Your task =
Word for word, repeat the data that follows. Do not include the pictures.

Input data =

- - - -

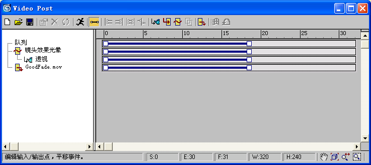 该队列再次显示所有正确的事件,但是此处的问题却出在队列中的事件顺序上。在添加其他事件的同时某个事件处于选定状态,此时通常导致该问题出现。在本例中,选定“透视”事件的同时,正在添加“镜头效果光晕”事件和输出事件。
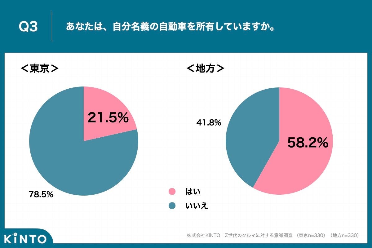 「Q3.あなたは、自分名義の自動車を所有していますか。」と質問したところ、都内在住のZ世代は「はい」が21.5%、「いいえ」が78.5%、地方在住のZ世代は「はい」が58.2%、「いいえ」が41.8%という回答となりました。
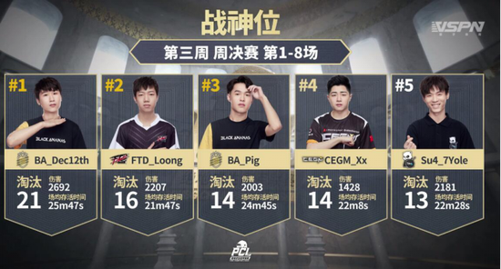 本周周决赛战神位BA选手十二月依靠21个淘汰数位列榜首,十二月在几波正面的房区防守战中都表现出色,帮助BA几次化险为夷,而FTD_Loong与BA_Pig则分列二三位
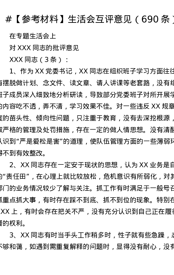 【参考材料】2025年xxxxx互评意见(690条)(五个带头)

- - - -

Reply to the exercise =
 该队列再次显示所有正确的事件,但是此处的问题却出在队列中的事件顺序上。在添加其他事件的同时某个事件处于选定状态,此时通常导致该问题出现。在本例中,选定“透视”事件的同时,正在添加“镜头效果光晕”事件和输出事件。
 「Q3.あなたは、自分名義の自動車を所有していますか。」と質問したところ、都内在住のZ世代は「はい」が21.5%、「いいえ」が78.5%、地方在住のZ世代は「はい」が58.2%、「いいえ」が41.8%という回答となりました。
 本周周决赛战神位BA选手十二月依靠21个淘汰数位列榜首,十二月在几波正面的房区防守战中都表现出色,帮助BA几次化险为夷,而FTD_Loong与BA_Pig则分列二三位
 【参考材料】2025年xxxxx互评意见(690条)(五个带头)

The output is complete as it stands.